Someone in the United States has a heart attack every 40 seconds, according to the CDC. That adds up to roughly 805,000 heart attacks per year in the U.S. alone, making it one of the most common serious medical emergencies Americans face. Globally, about 3 million people experience a heart attack each year.
Heart Attacks by the Numbers
Heart disease remains the leading cause of death in the United States, and heart attacks account for a large share of that toll. Of those 805,000 annual events, about 1 in 5 are “silent,” meaning the heart muscle is damaged but the person doesn’t recognize the symptoms or doesn’t have typical ones. These silent heart attacks are often discovered later during routine testing, sometimes after permanent damage has already occurred.
The 30-day mortality rate after a heart attack is roughly 30%. Among those who survive the initial event, the outlook improves considerably but remains serious. One-year survival sits at about 88%, dropping to 78% at five years and 74% at seven years. These numbers reflect the reality that a heart attack is not a single event you simply recover from. It signals underlying disease that continues to pose risks for years afterward.
How Age and Sex Affect Your Risk
Heart attacks are not evenly distributed across the population. Men develop coronary heart disease, the condition that leads to most heart attacks, years earlier than women. A large, long-term study from Northwestern Medicine tracked when men and women hit key risk thresholds and found that the gap starts opening around age 35. From that point on, men’s risk rises faster and stays higher through midlife.
To put a number on it: men reached 5% incidence of major cardiovascular events (heart attack, stroke, or heart failure) at about age 50.5, while women didn’t reach that same threshold until age 57.5, roughly seven years later. For coronary heart disease specifically, the gap was even wider. Men hit 2% incidence more than a decade before women did. Stroke rates, by contrast, were similar between the sexes.
This doesn’t mean younger women are immune. Heart attacks in women under 50 are less common but tend to be underrecognized because both patients and doctors may not expect them. After menopause, women’s risk climbs sharply and begins to converge with men’s.
Differences Across Racial and Ethnic Groups
Heart attack rates vary meaningfully by race and ethnicity, driven by a combination of risk factor prevalence, access to care, and socioeconomic conditions. Black Americans face some of the starkest disparities. While overall coronary heart disease prevalence in Black men (7.2%) is slightly lower than in white men (7.8%), Black women have notably higher prevalence than white women (7.0% vs. 4.6%). Rates of acute coronary events in the Black community have been much higher than in other racial groups, with Black women experiencing heart attacks at rates that exceed those of white men.
Despite lower overall prevalence, death rates from coronary heart disease remain higher in Black Americans than in white Americans. The rate of premature heart disease death is particularly elevated among Black men and women, and outcomes after major cardiac procedures tend to be worse.
Hispanic Americans present a somewhat puzzling pattern researchers call the “Hispanic paradox.” Despite carrying a heavier burden of traditional risk factors like diabetes and obesity, and facing greater socioeconomic disadvantage, Hispanic Americans are less likely to develop coronary heart disease and less likely to die from it compared to non-Hispanic white Americans. Coronary heart disease prevalence sits at about 6.7% for Hispanic men and 5.9% for Hispanic women.
Asian Americans as a whole have the lowest coronary heart disease prevalence at roughly 3.7%, but that average masks significant variation within the group. Asian-Indian men and women and Filipino men carry a disproportionately high share of heart disease deaths relative to other Asian subgroups.

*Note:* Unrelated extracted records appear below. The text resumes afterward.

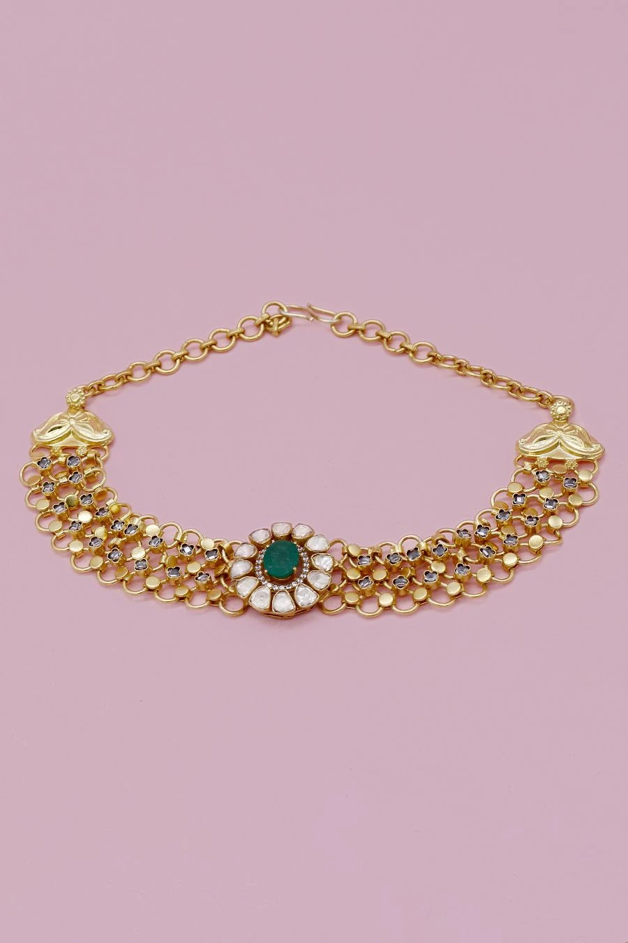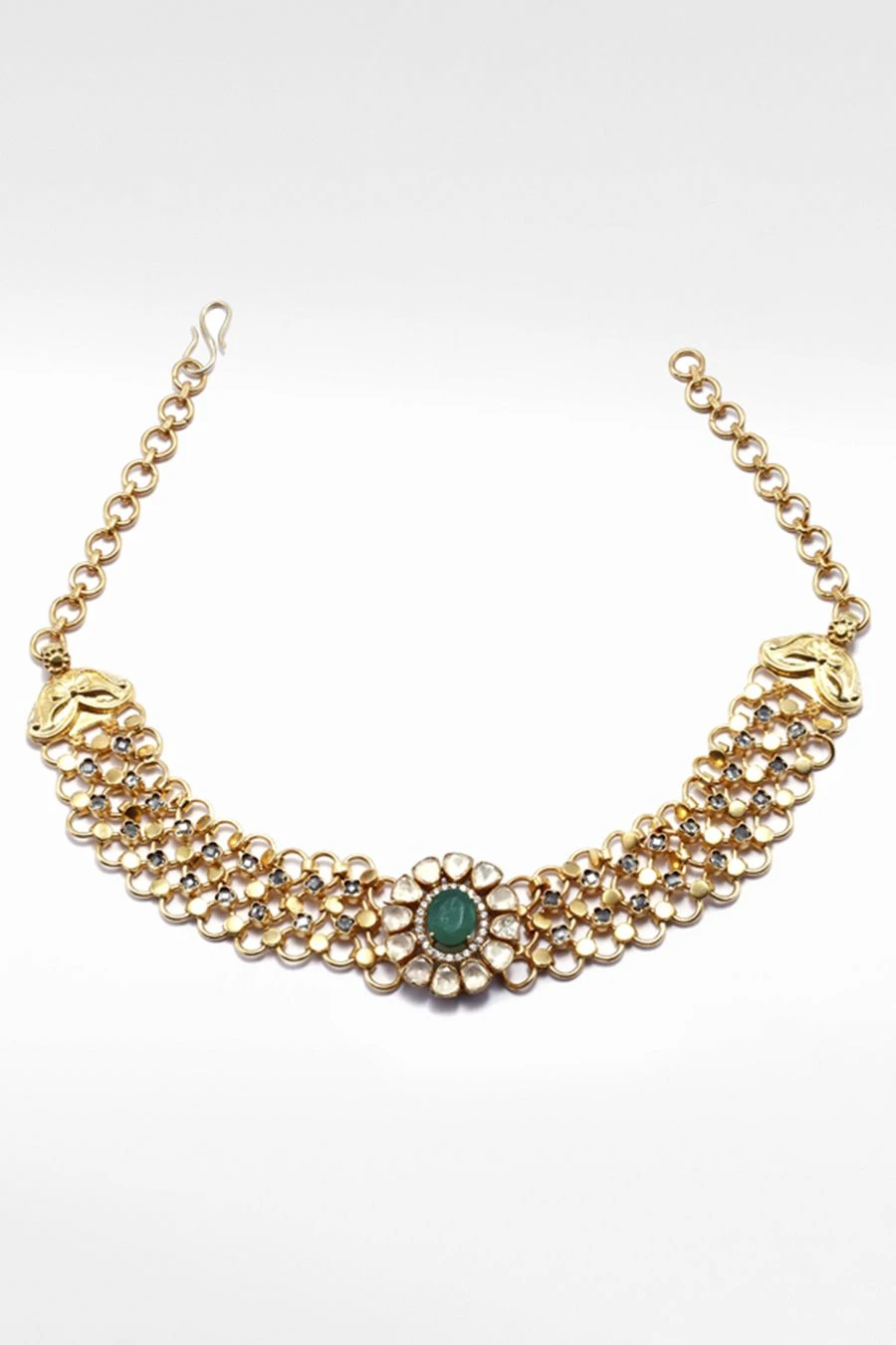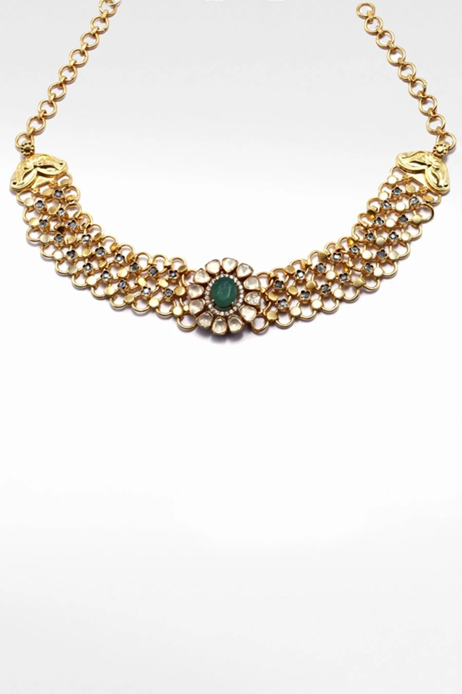 This chic handcrafted silver necklace is the perfect accessory to style with your daytime looks. This 24K gold-plated silver choker is studded with moissanite gemstones and green onyx.
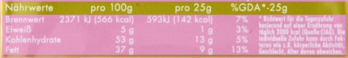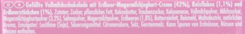 Suiker, palmvet, cacaoboter, dextrose, cacaomassa, volle melkpoeder, melksuiker, magere melk yoghurt poeder, roompoeder, magere melkpoeder, aardbeien, geklaarde boter, rijst, maltodextrine, natuurlijk aroma (melk), emulgator: lecithine (soja), voedingszuur: citroenzuur; zout, gerstemout (gluten). Kan sporen van Gluten, Eieren, Pinda,Soja, Melk en Noten bevatten
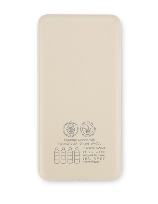 Power bank rPET REPPO o pojemności 10000 mAh wykonany jest z materiału pochodzącego z recyklingu czterech butelek o pojemności 1 litra oraz włókien konopnych.
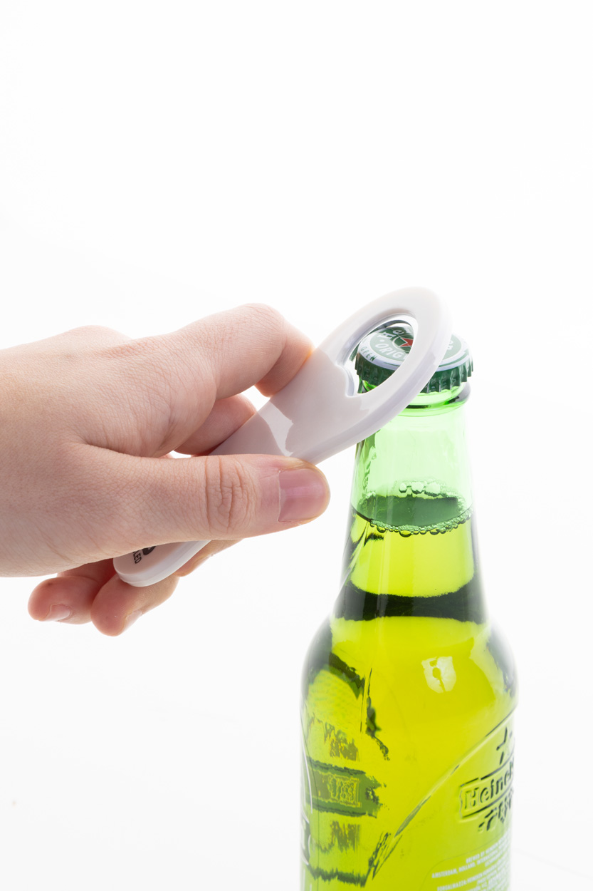 Otvírák na láhve z recyklovaného ABS plastu s magnetem na lednici.

What Happens After a First Heart Attack
Surviving a heart attack lowers the bar for having another one. In a long-term study following patients for an average of 8.6 years, 33% of people who had a cardiac event went on to have a recurrent heart attack, while 9% had a stroke. A separate analysis found a cumulative recurrence rate of about 14% for a second heart attack within six years.
The long-term picture is sobering. Roughly one-third of people who have a heart attack will eventually die from heart-related causes, and about two-thirds of survivors never fully return to their previous level of health. This reflects both the permanent heart muscle damage from the initial event and the ongoing progression of the underlying artery disease that caused it.
Silent Heart Attacks Are More Common Than You Think
That 1-in-5 statistic for silent heart attacks deserves extra attention because it means a significant portion of heart attacks go completely unnoticed at the time they happen. You might attribute the symptoms to indigestion, fatigue, or a bad night’s sleep. Some people have no noticeable symptoms at all. The damage still occurs: heart muscle cells die, scar tissue forms, and the heart’s pumping ability can be permanently reduced.
Silent heart attacks are more common in people with diabetes, who may have nerve damage that blunts chest pain signals. They’re also more common in older adults. Many are discovered only when an electrocardiogram or imaging study performed for another reason reveals the telltale signs of prior damage. By that point, the window for acute treatment has long closed, but identifying the damage still matters because it changes how aggressively doctors manage your cardiovascular risk going forward.